What could have killed it? Another huge insect ? Perhaps a June bug the
size of Mack Truck? Insecticide? It would have to be an inordinately
large can of Raid. Who knows?

Everything seems larger here.
The sky seems bigger but with fewer clouds and more stars at night. The
place is noisy through the day with living things. Crows flap about
from palm tree to palm tree, cawing in a peculiarly human manner that
is reminiscent of a colicky infant. There are parrots and cockatoos
that fly around here the way sparrows and pigeons do at home. Imagine
going into a pet store and seeing pigeons and sparrows for sale as
pets. Now there is an idea. Those birds would seem exotic to your
average Aussie.

R. has mentioned that I ought to be wary of
spiders, as there may be many breeds capable of doing me some harm. I
ran out of the toilet last week in panic and informed her I was not
alone in there..

" It's a daddy longlegs , you wussie", she derides. " surely you have those at home?"

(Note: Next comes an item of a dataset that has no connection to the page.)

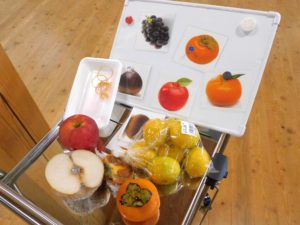 廊下で色紙の果物をもぎ取って、同じ果物のジュースやペーストなどと交換したら味覚体験を行います。

"Course we do. I was just checking in case your version was lethal. Better safe than sorry."

"Those
guys are fine. Don't step on them. They eat other insects . It's the
redbacks you gotta look out for. They give you a nasty bite." She
informs me as she reaches past me to close the lid of the toilet and
flush it. She looks at me. I know this look.

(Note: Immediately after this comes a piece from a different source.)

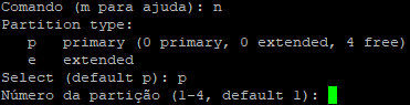 Digite “n” para criar uma nova partição, digite “p” para identificar a partição como primaria.

"I forgot !" I tell her, lying. "I had to make sure about that spider didn't I?"


I am not lying about this next bit. Get this. The toilet water spirals
down the drain in the OPPOSITE direction to ours when you flush here.
It's the truth. Ask anybody who has ever been here. Don't ask me why. I
think it may have something to do with the proximity to Antarctica.
That would be the only thing that makes sense.

The television
news has been bouncing back and forth with reports about the death of
the Pope and the tragic demise of nine young Aussies from the RAAF, who
perished when their sea king helicopter fell out of the sky and blew up
on hitting the ground in Indonesia. Amazingly, two individuals survived
this horrifying event.

They were there to lend aid to the
earthquake victims. So what is more worthy of my attention? The passing
of an antedeluvian git, who, through his influence and sheer stupidity,
probably set man's progress back at least a hundred years, which is
about as old as he was when he popped his clogs? Or the lives of nine
selfless heroes, their young lives cut short in their prime while
flying to lend aid to perfect strangers in need? The Pope, had he
lived, may himself have paid a visit to the earthquake victims of
Indonesia (the Catholic ones, anyway) but that would only be to take
what little money they had to fill his coffers and to tell them not to
use prophylactics or they will go straight to hell.